Parenting
How Parent-Child Relations Have Changed
The evolution of the parent-child bond.
Posted April 7, 2015 Reviewed by Jessica Schrader
In recent years, the relationship between parents and children has profoundly changed.
For one thing, the decision about whether or not to have children is voluntary. Electing not to have children is no longer stigmatized in the way it was. “Child-free” adults are no longer casually dismissed as shallow and self-absorbed.
As a result, for most adults, the decision to have a child is deliberate and purposeful. Having a child represents a self-conscious decision to become a mother or father and to assume the responsibilities that parenting entails.
Parenting itself has become problematic in a way that differs sharply from the past. In today’s society, it is impossible to raise a child unselfconsciously. Bombarded with conflicting advice about the relative merits of breastfeeding versus bottle feeding, crib sleeping and co-sleeping, early versus delayed toilet training, each parent must decide for her- or himself how best to rear a child. Labels abound: attachment parenting, natural parenting, positive parenting, slow parenting.
Lacking the clear and authoritative guidelines set by earlier childrearing experts like Dr. Benjamin Spock, moms and dads must decide whether to be strict or lenient, achievement and performance focused or indulgent, pushy or laid back. Today’s parents receive sharply conflicting messages about whether or not to prioritize academics and other accomplishments or, instead, give their children free time, freedom, and free range to explore their environment.
At the same time, parents have grown far more sensitive to the risks that their children face, both physical and psychological. Anxiety has become the hallmark of contemporary parenting. Even before their child is born, prenatal testing leads parents to worry about potential birth defects to an extent absent in the past. This is followed by a preoccupation with children’s safety.
Stoking parental fears are sensationalistic media accounts of the risks posed by pedophiles and the prevalence of stranger abduction of children, as well as reports about the potential perils posed by bullying, vaccines, additives, and various environmental hazards.
The result: The geography of childhood has contracted, indoor time has mounted, and adult supervision of children’s activities has greatly increased.
Equally important is a profound reversal in parental expectations. Early in time, parents expected their children to love them. Today, in stark contrast, parents seek to ensure that their children love them. To that end, many seek to ensure that their children are happy and never bored.
As mothers and fathers devote more time to work, a sense of guilt also colors parent-child relations. Even though recent research indicates that parents actually spend more face-to-face time with their children than did their 1950s counterparts, mothers and fathers worry that they are not able to provide the kind of safe, secure childhood they themselves enjoyed, involving a great deal of free unstructured play with neighborhood friends. Consequently, many overcompensate.
Underlying the shift in parent-child relationships are a raft of historic shifts. Delayed parenthood, better educated parents, and reduced birthrates all lead parents to increase their fixation upon individual children. In a society in which marital relationships have grown much more fragile, many parents look to their children as a source of permanent attachment and emotional fulfillment. The increase in single parenthood and two-earner households has also altered parent-child relations, since children in these settings must take on greater responsibility for self-care and for helping out than did those in homes with full-time mothers.

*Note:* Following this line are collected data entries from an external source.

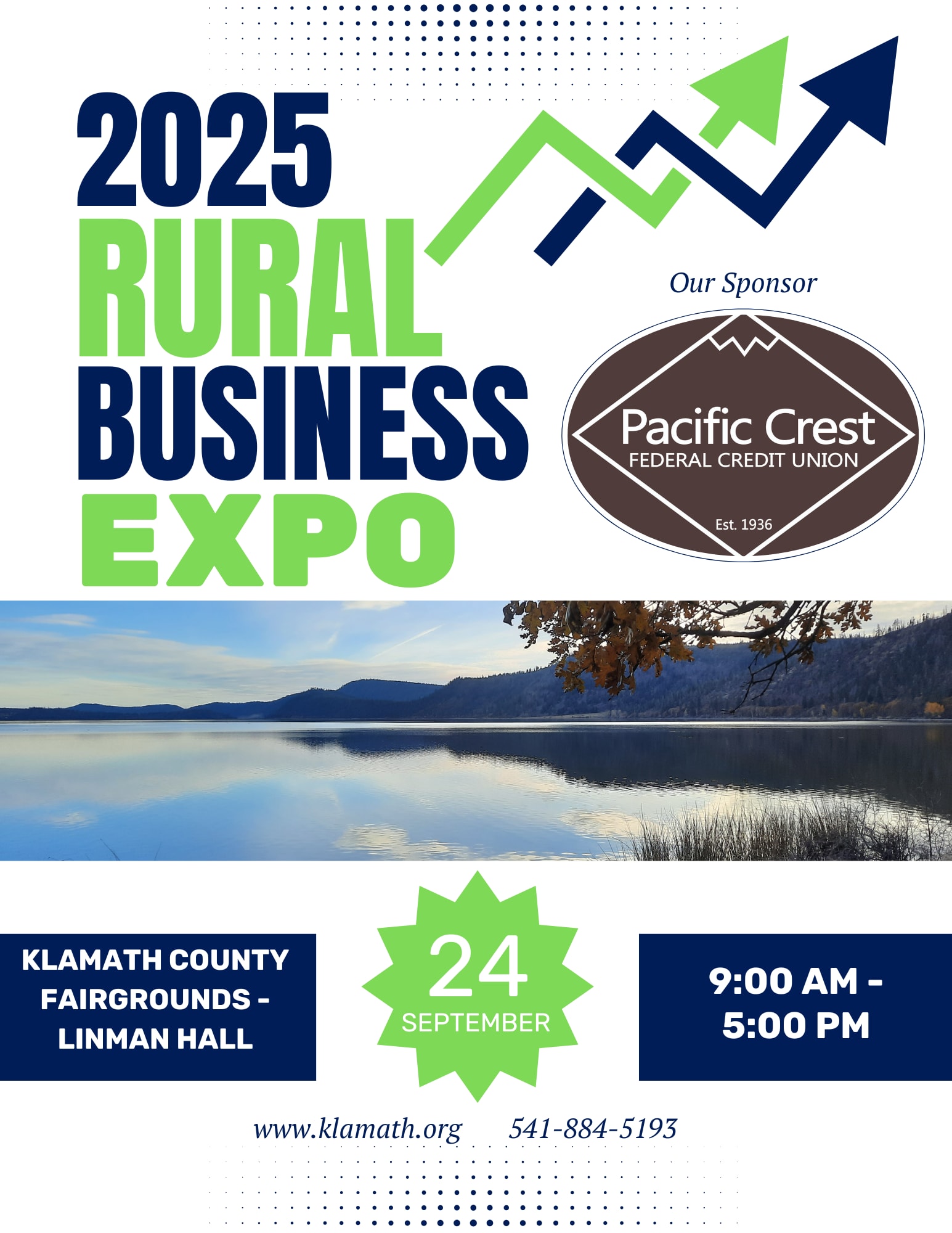 ¡Únase a nosotros en la Exposición de Negocios Rurales el miércoles 24 de septiembre en el Linman Hall en los terrenos de la feria del condado de Klamath! Este evento dinámico está diseñado para empoderar y conectar a los dueños de negocios a través de una serie de talleres interesantes y una exposición animada. Obtenga conocimientos valiosos sobre temas como mercado técnico digital, como reclutar empleados y servicios en juntas directivas sin fines de lucro, todos diseñados para ayudar a su empresa a prosperar en el competitivo mercado actual.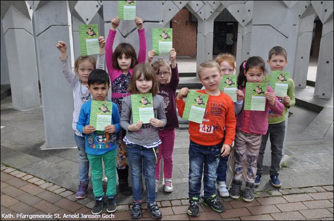 erschrecken oder Albert, dem coolen Ganter, der seine Traumgans kennenlernen wollte. Beim anschließenden Ausmalen wurden die Eindrücke vertieft und die Feinmotorik geschult. Dass es in der Bücherei Antworten auf viele Wissensfragen gibt, erfuhren die Kinder durch das Vorstellen einiger Sachbücher aus verschiedenen Wissensgebieten, z.B. Natur, Technik, Basteln oder der Tierwelt. Zu dieser Stunde waren auch die liebsten Kuscheltiere zu Gast in der Bücherei. Nach dem Ausleihen eines Buches und dem Abschlusslied „Viele bunte Bücher aus der Bücherei …“ marschierten dann alle fröhlich winkend mit dem bib-fit-Rucksack wieder in ihren Kindergarten zurück Auch nach dem Erhalt des Bibliotheks-Führerscheins werden die Kindergärten die Bücherei Liebfrauen besuchen und Bücher ausleihen. Neue Leser/innen sind weiterhin an der Kalkarer Str. 28 jederzeit herzlich willkommen. Die Ausleihe ist kostenlos, die Öffnungszeiten sind dienstags und freitags von 16.00 bis 18 Uhr.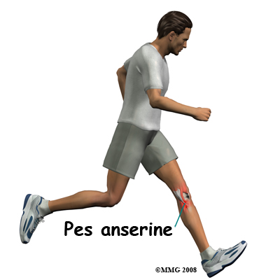 The patient often points to the pes anserine as the area of pain or tenderness. The pes anserine is located about two to three inches below the joint on the inside of the knee. This is referred to as the anterior knee or proximedia tibia. Proximedia is short for proximal and medial. This term refers to the front inside edge of the tibia.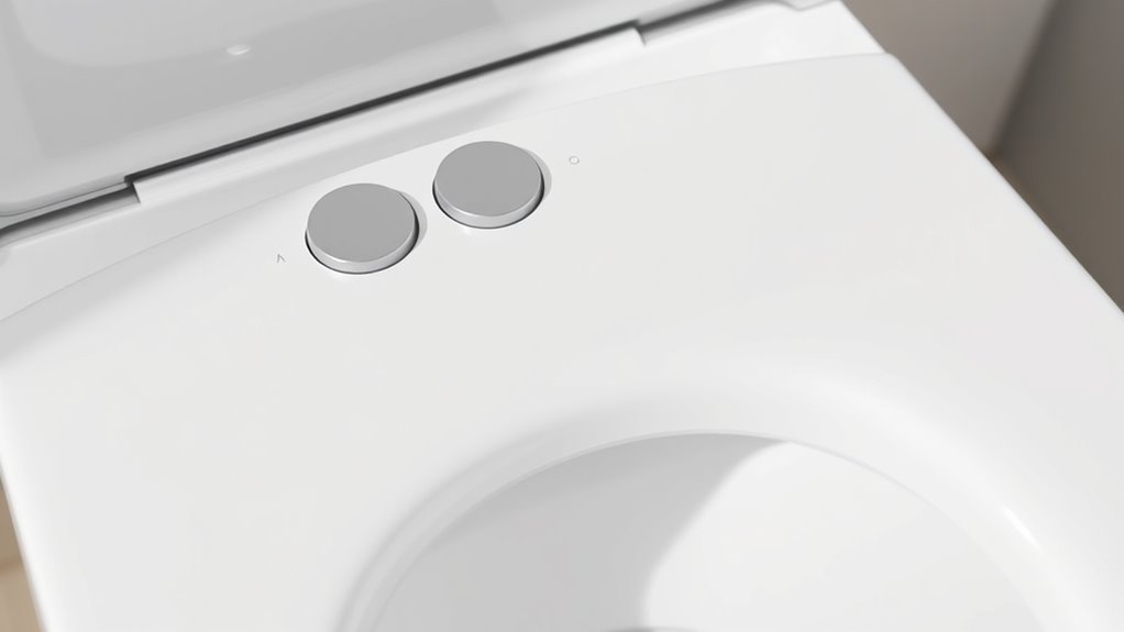 Maintenance might make you mindful of dual-flush models. You’ll need to regularly clean the tank to prevent buildup and guarantee smooth operation. Seal replacement is vital when leaks or noises occur, and it’s necessary to keep seals sealed tightly. These tasks are simple but essential for ideal performance. With proper maintenance, you’ll enjoy efficient flushing and water savings, keeping your toilet functioning flawlessly and your bathroom bustling without fuss.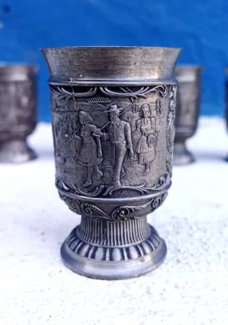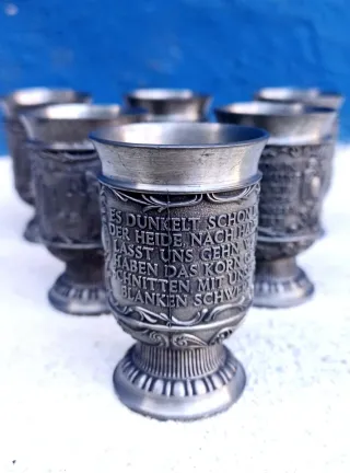 Conjunto de 6 vasitos alemanes en estaño 95% (Rein Zinn), con pie y decoración en relieve. Presentan escenas tradicionales centroeuropeas y texto en alemán grabado. Algunos relieves parecen variar ligeramente entre piezas. ✔ Sello original en el interior ✔ Estaño 95% ✔ Trabajo en relieve de gran detalle ✔ Piezas pesadas y de buena calidad ✔ Años aproximados: 1960–1980 📏 Medidas: • Altura: 6 cm • Diámetro (boca): 3,5 cm Ideales para colección, decoración rústica, chalet alpino o ambiente tipo cervecería alemana o una cena con temática Game of thrones.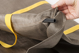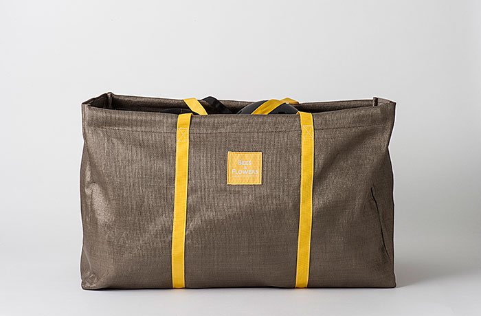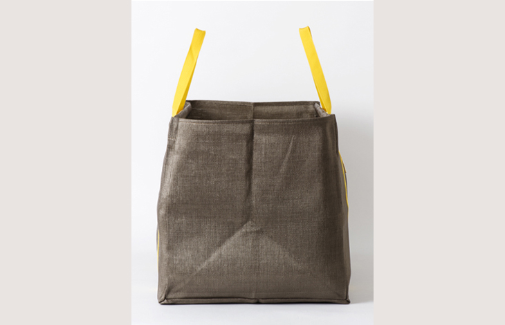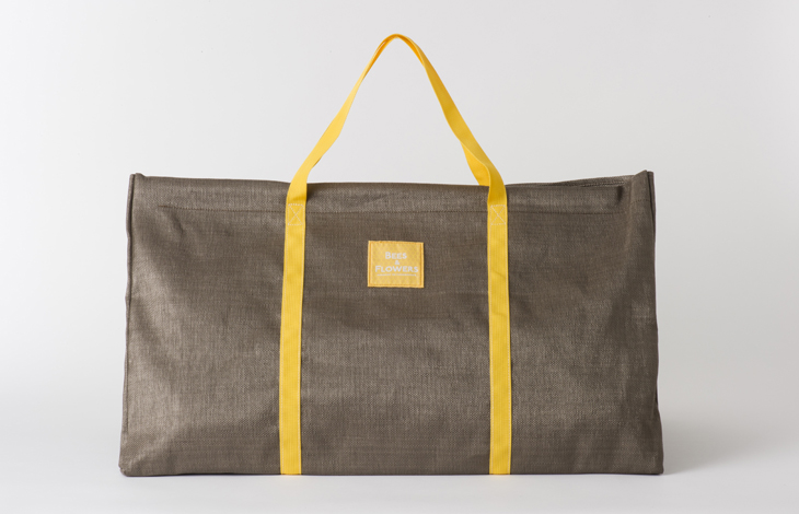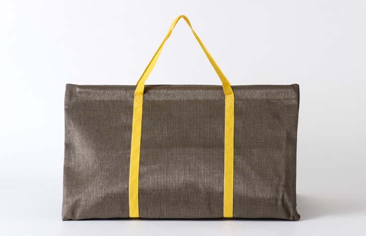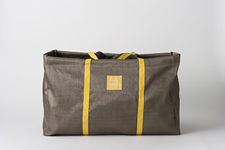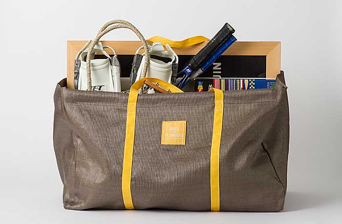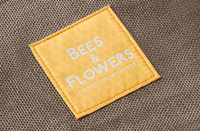 ハニカム模様の織りネームタグと持ち手は黄色。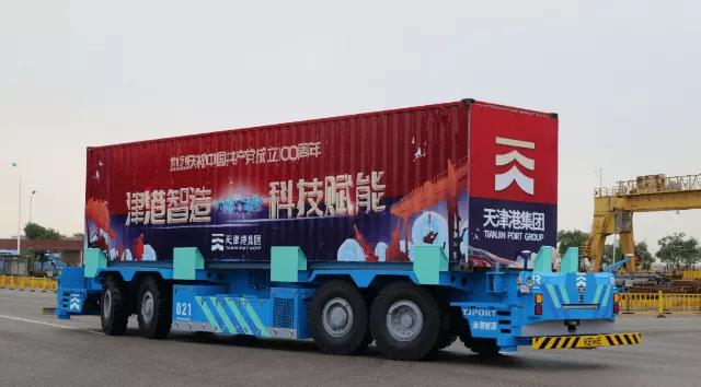 6月,天津港集團(tuán)創(chuàng)新研發(fā)、生產(chǎn)制造的首臺(tái)人工智能運(yùn)輸機(jī)器人正式下線,投入天津港C段智能化集裝箱碼頭進(jìn)行測(cè)試。該產(chǎn)品配備了一套智能可視化管理系統(tǒng);采用4軸8輪底盤系統(tǒng),實(shí)現(xiàn)全輪驅(qū)動(dòng)和轉(zhuǎn)向;總重量?jī)H23噸,載重65噸,最高速度35千米/小時(shí),可裝載20尺、雙20尺、40尺、45尺標(biāo)準(zhǔn)集裝箱。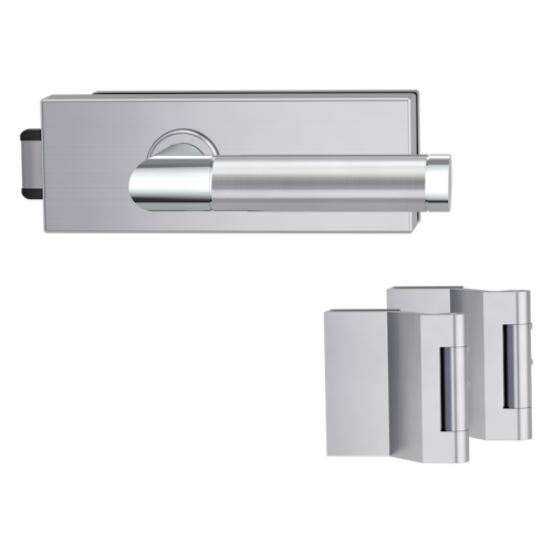 Griffwerk PURISTO S -Edelstahl matt Ganzglastürbeschlagset -3-teiliger Bandsatz -mit Griff CHRISTINA -EM -UV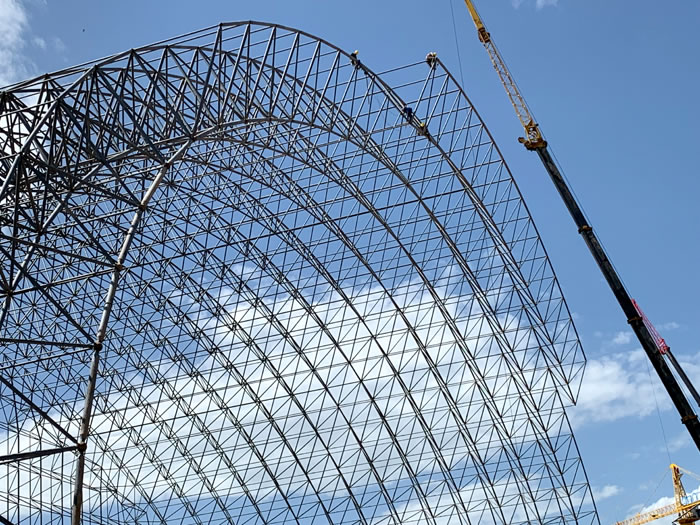 (2)网架加工前应对现场尺寸进行复测,确认无误后方可进行加工、安装;网架制作、运输、安装应遵守《空间网格结构技术规程》JGJ7-2010、《钢网架密山螺栓球节点》JG/T 10-2009、《钢网架密山螺栓球节点用高强度螺栓》 GB/T 16939-2016、《密山钢结构密山工程密山施工规范》 GB50755-2012、《密山钢结构密山工程密山施工质量验收标准》 GB50205-2020。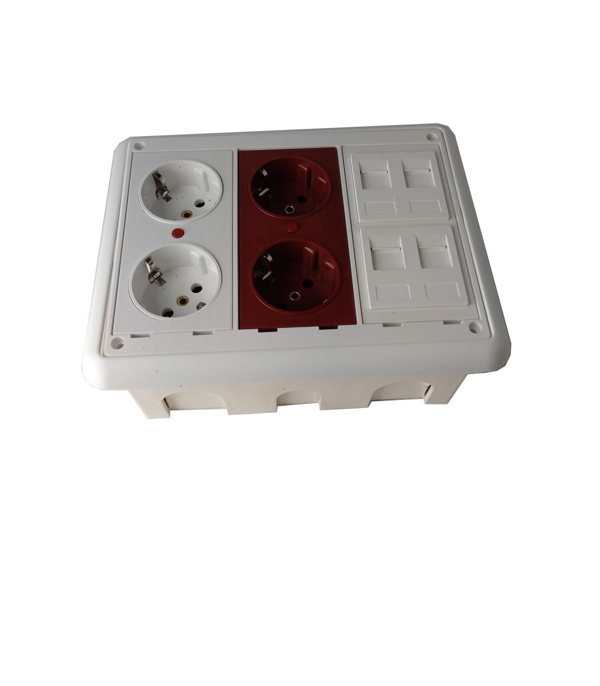 Caja modular de 3 elementos con 1 schuko doble color blanco, 1 schuko doble para SAI y 2 placas para 2 conectores RJ45 Univeral

Perhaps the biggest force for change in parent-child relationships lies in parents’ worries about their ability to transmit their class status to their children. As the economy has grown more competitive and entrepreneurial, many parents seek to give their child a leg up, and as a result invest more time and resources in enrichment activities: reading to their children, conversing with them, and providing toys and activities aimed at enhancing their development.
Today, parenting does not end at 18 or 21. Most parents not only expect to contribute to their children’s college education, but to its aftermath: To supporting them during their 20s and helping them, later, in making a down payment on a house.
For all the disdainful talk about hovering, overinvolved, and overprotective helicopter parents, the fact is that parents today are, on average, closer to their adult children than in the past. Parent-child hierarchy has given way, to a remarkable extent, to a relationship that is closer, more intimate, and more egalitarian than ever existed in the past. If it has become harder for some children to cut the umbilical cord and establish an independent identity, and if it has become more difficult for some parents to let go and grant their kids a fully autonomous life, for most, the ongoing bond between child and parent proves to be a crucial source of meaning and personal happiness.